Artık Bunu Yapamazdım...

55 6 6
                                    

Tüm gece endişeden dolayı uyuyamamıştım. Nalu'nun söyledikleri beni endişelendirmişti. Ve dayanamayarak gecenin bir vakti mesaj atmıştım.
"Nalu.... Neler oldu?..."
Ama tahmin edebileceğim gibi cevap gelmemişti. Onun yerine gecenin ilerleyen saatlerinde Rin'den mesaj geldi. Benim numaramı nerden bulmuştu ya da neden bu saatte mesaj atıyordu?
"Rahatsız etmiş olabilirim. Ama yarın seni bekleyeceğim. O gün ki yerde. Ve birlikte okula gideceğiz. :) "
Evet, mesajda tam olarak bunu diyordu. Artık dayanamayacak hale geldiğimi anladığımda Haru'ya söylemeye karar verdim. Ne olursa katlanacaktım. Hatta Haru benden....
"Haru? Uyanık mısın? Sana söylemem gereken bir şey var..."
Bir kaç dakika sonra mesaj geldi. Doğrusu kimden geldiğini merak ediyordum. Nalu, Haru ya da Rin... Ve Haru'dandı.
"Evet. Ne oldu?"
Cevap yazmak her şeyi söylemek istiyordum. Ama bir şey beni engelliyordu. Uzunca bir süre mesaj atmayınca Haru'dan mesaj geldi.
"Minako?"
Ve ardındam telefonum çalmaya başladı. Haru arıyordu. Açtım.
"Alo."
"Minako... Söylemek istediğin şey ne? Neden söylemiyorsun?"
"Önemli bir şey değildi. Sonra da söylerim. Üzgünüm rahatsız ettim."
Haru'nun cevabını beklemeden kapatmıştım. Ancak bilmediğim bir şey vardı; Haru fazlasıyla şüphelenmişti.
•••••
Uyuyamadığım için alarma gerek kalmamıştı. Erkenden üstümü giyip manga okumaya başlamıştım. Ta ki annem gelip kahvaltıya çağırana kadar. Kahvaltıda Bon ağzındaki lokmayı zorla yutup bana baktı.
"Abla, sen iyi misin?"
"Evet neden ki?"
Bon "Son zamanlarda hiç kendin gibi değilsin?..."
"Bunu gününün çoğunu uyuyarak geçiren bir uyuyan güzel mi söylüyor?"
Bon "Anlasıldı iyisin.

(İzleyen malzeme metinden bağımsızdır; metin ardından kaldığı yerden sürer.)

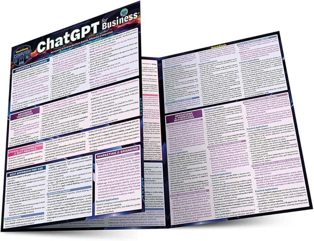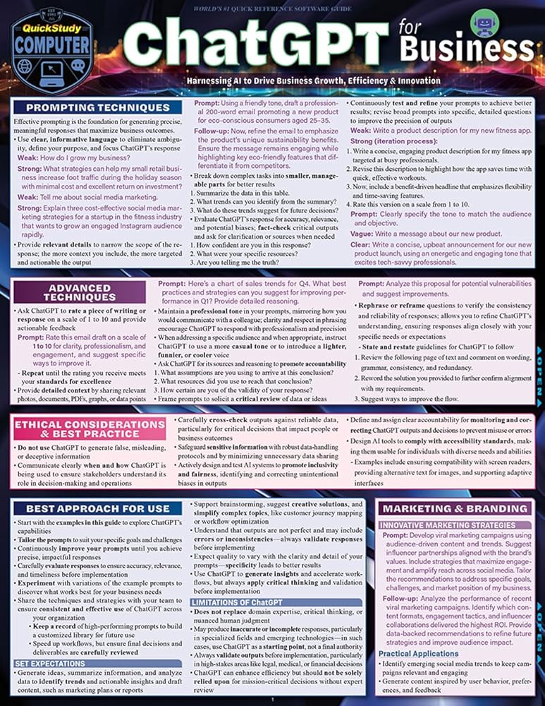 Artificial intelligence can be free or inexpensive and still is a tool that will boost productivity and creativity, help generate efficiency, and support innovation that leads to business growth. Knowing how to ask AI the right questions is called “prompt engineering”. This six-page laminated guide provides strategies, insights, and guidance for prompt engineering that can unlock the kind of support AI can offer as a resource to reach goals faster and with better results. Grow business skill sets so your resources become stronger and Individuals and teams have more time to focus on critical thinking and decision making. Technical writer and AI prompt engineer Frank Blackwell streamlined his knowledge of AI use for beginners and those already using ChatGPT for a versatile reference that will change the way you communicate, work, and produce. This handy and durable tool covers more per page than any book or website and will crack the code to unleash the value of AI for an amazingly low price.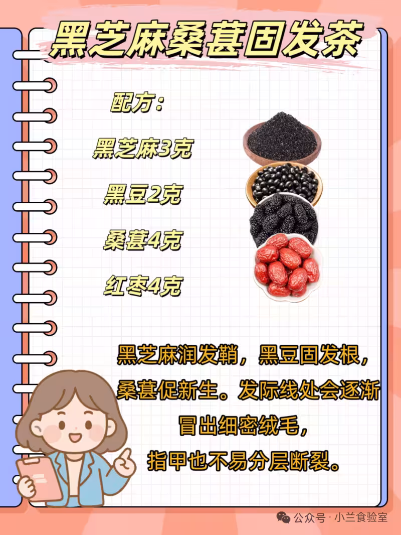 黑芝麻潤發鞘,黑豆固髮根,桑葚促新生。髮際線處會逐漸冒出細密絨毛,指甲也不易分層斷裂。適合熬夜臉黃、抗老需求強的"夜貓子"。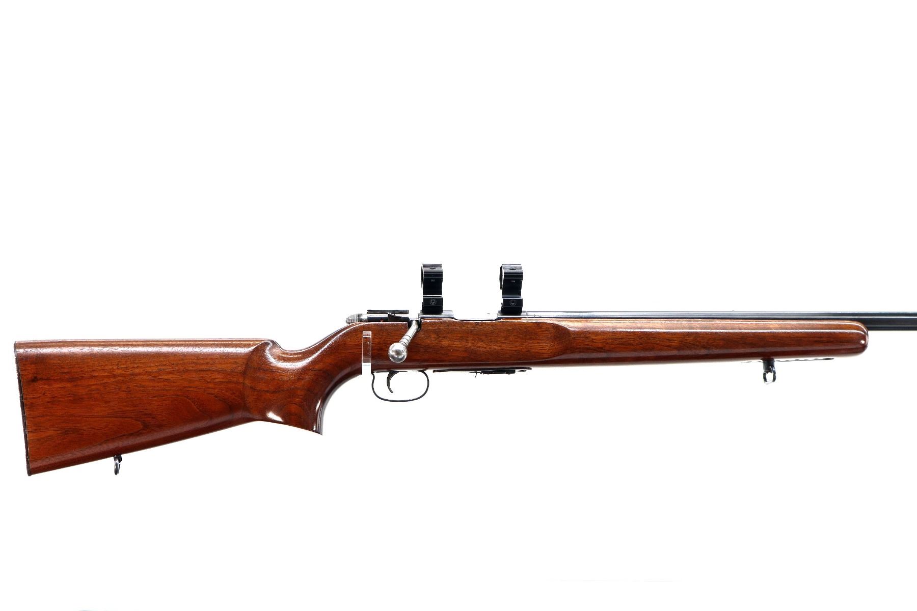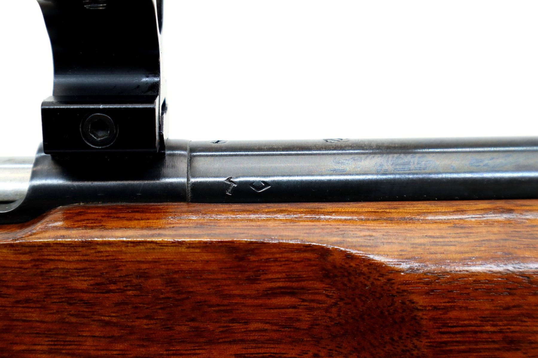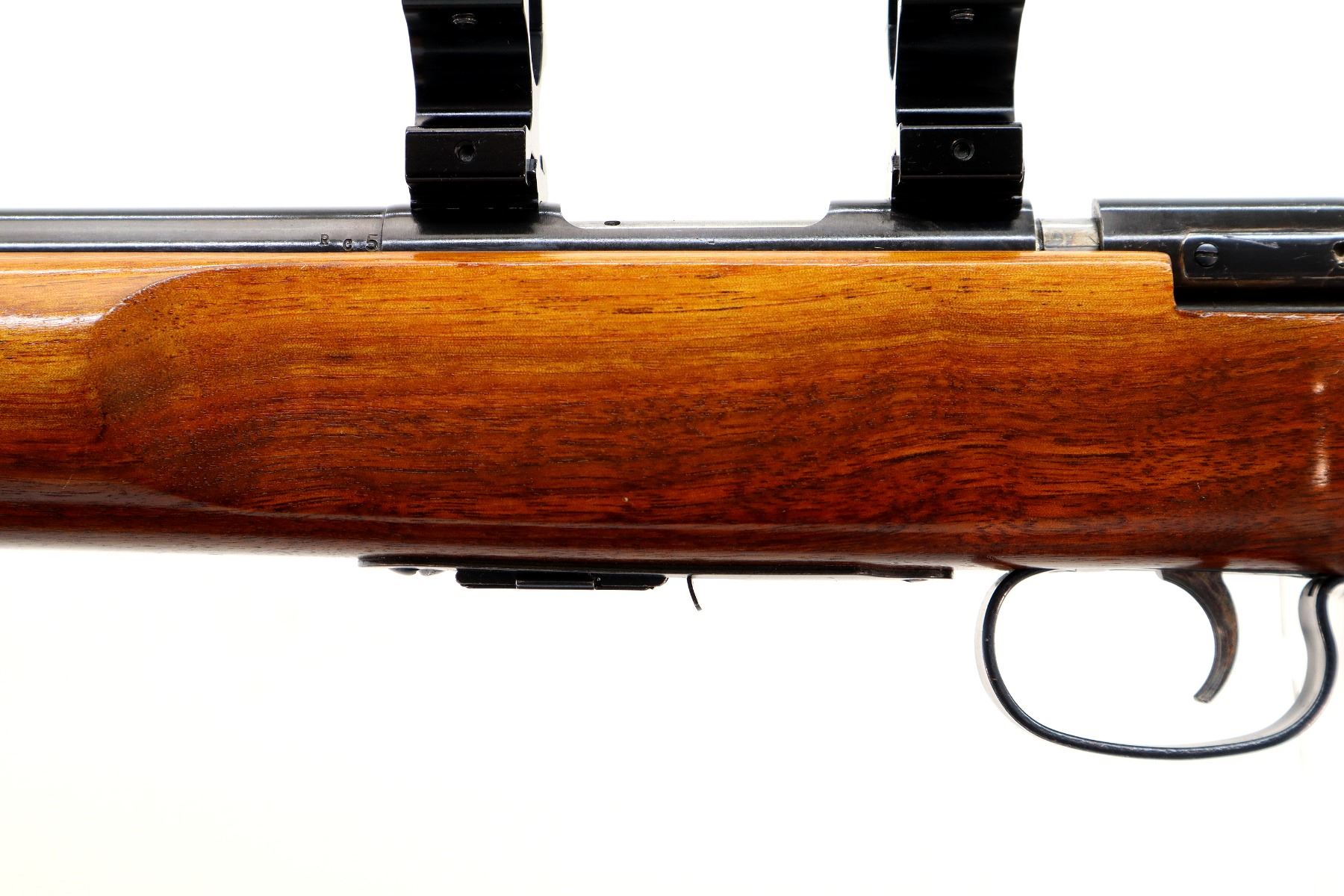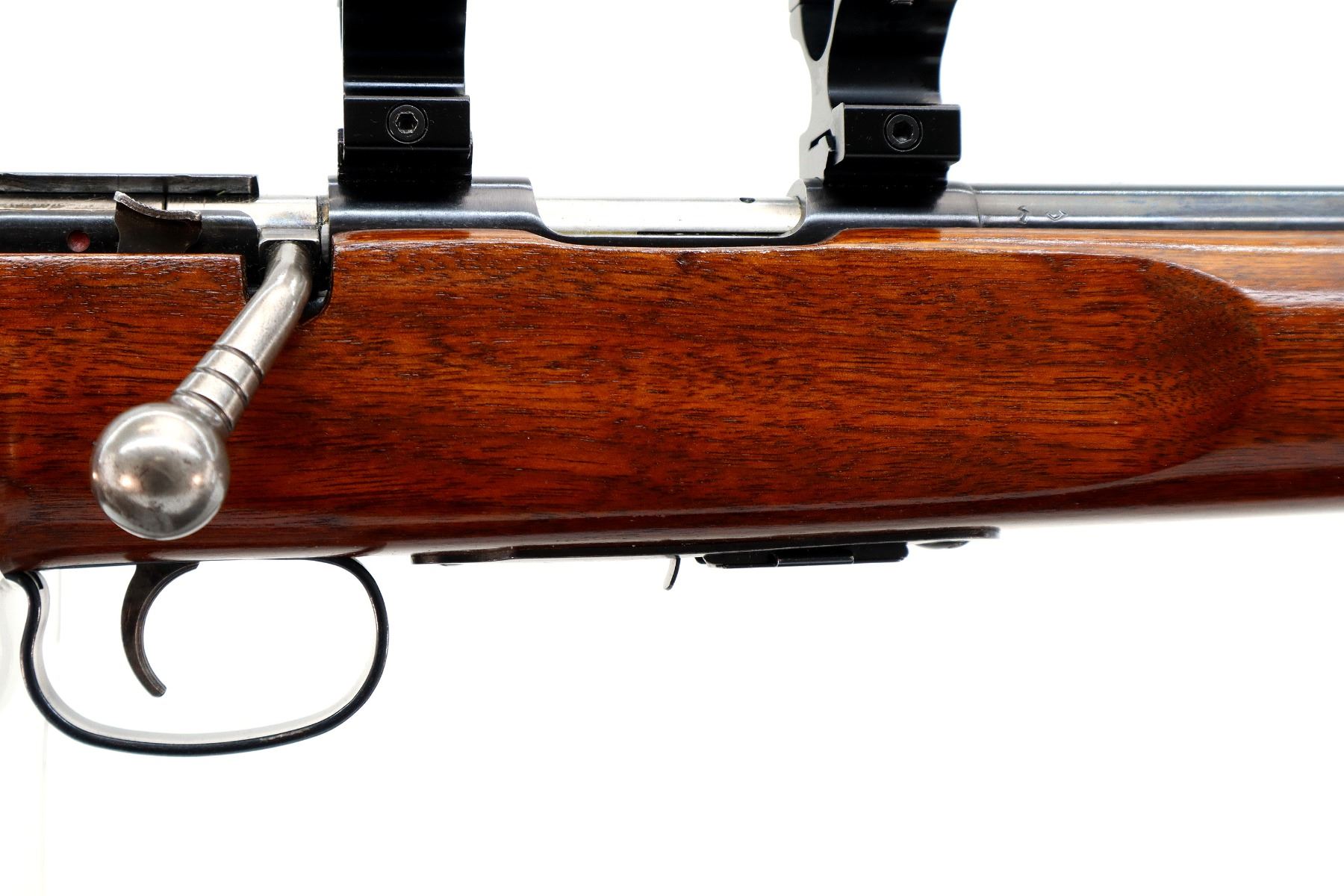 Main Description: Globe front sight with ramp, no rear sight, metal has been polished and reblued, receiver drilled and tapped with 1" scope rings installed, smooth bolt knob. One piece target wood stock, wide forearm, pistol grip, checkered black painted steel butt plate, 13.75" LOP, short rail under forearm and sling swivels.

Tekrar "uyuyan güzel" demeye başladın."
Gülmüştüm. Kahvaltımı bitirip okula doğru yol aldım. Daha doğrusu o yere doğru... Rin orada bekliyordu. Beni görünce yanıma geldi.
Rin "Bakıyorumda hiç itiraz etmiyorsun."
Rin'e baktım. Kaşında küçük bir yara bandı vardı.
"Ne oldu? Ve Rai nerede?"
Rai "Ah bu mu? Önemli bir şey değil. Ve Rai hasta. Ahh doğru! Bugün kimseye söz verme! Rai'ye bakacak kimse yok. Bize gelmelisin."
"Orada dur Rin! Beni oyuncağın gibi kullanmakta ne demek ya?!? Sen kendini ne sanıyorsun?!"
Rin "O halde o gün yaşananları yaşamak istiyorsan kafana göre takıl Minako..."
Sinirle okula doğru yol almaya başladım. Rin ise bu halimden zevk alıyordu. Okula geldiğimde hemen sınıfa geçtim. Haru ya da diğerlerinin beni onunla görmemesini umut ederek. Kulaklığımı alıp başımı sıraya koydum. Ve biraz uyuklamaya başladım. O sırada yanıma oturan birini hissettim. Ancak kim olduğuna ve ne istediğine bakacak halim yoktu. Sadece konuşma ihtimaline karşı müziğin sesini kısmıştım.
"Neler olduğunu anlatmanı istiyorum Minako."
Sesinden yanıma oturanın Haru olduğunu anladım. Ancak ona verecek bir cevabım yoktu. Bende uyuklamaya devam ettim.
Haru "Müzik dinlediğini ama yine de beni duyduğunu biliyorum Minako. Lütfen anlat ne oldu."
Kulaklıklarımı kulağımdan çıkarıp Haru'ya baktım. İnanacağı bir yalan uydurmalıydım.
"Sadece bir rüya gördüm. Daha doğrusu bir kabus."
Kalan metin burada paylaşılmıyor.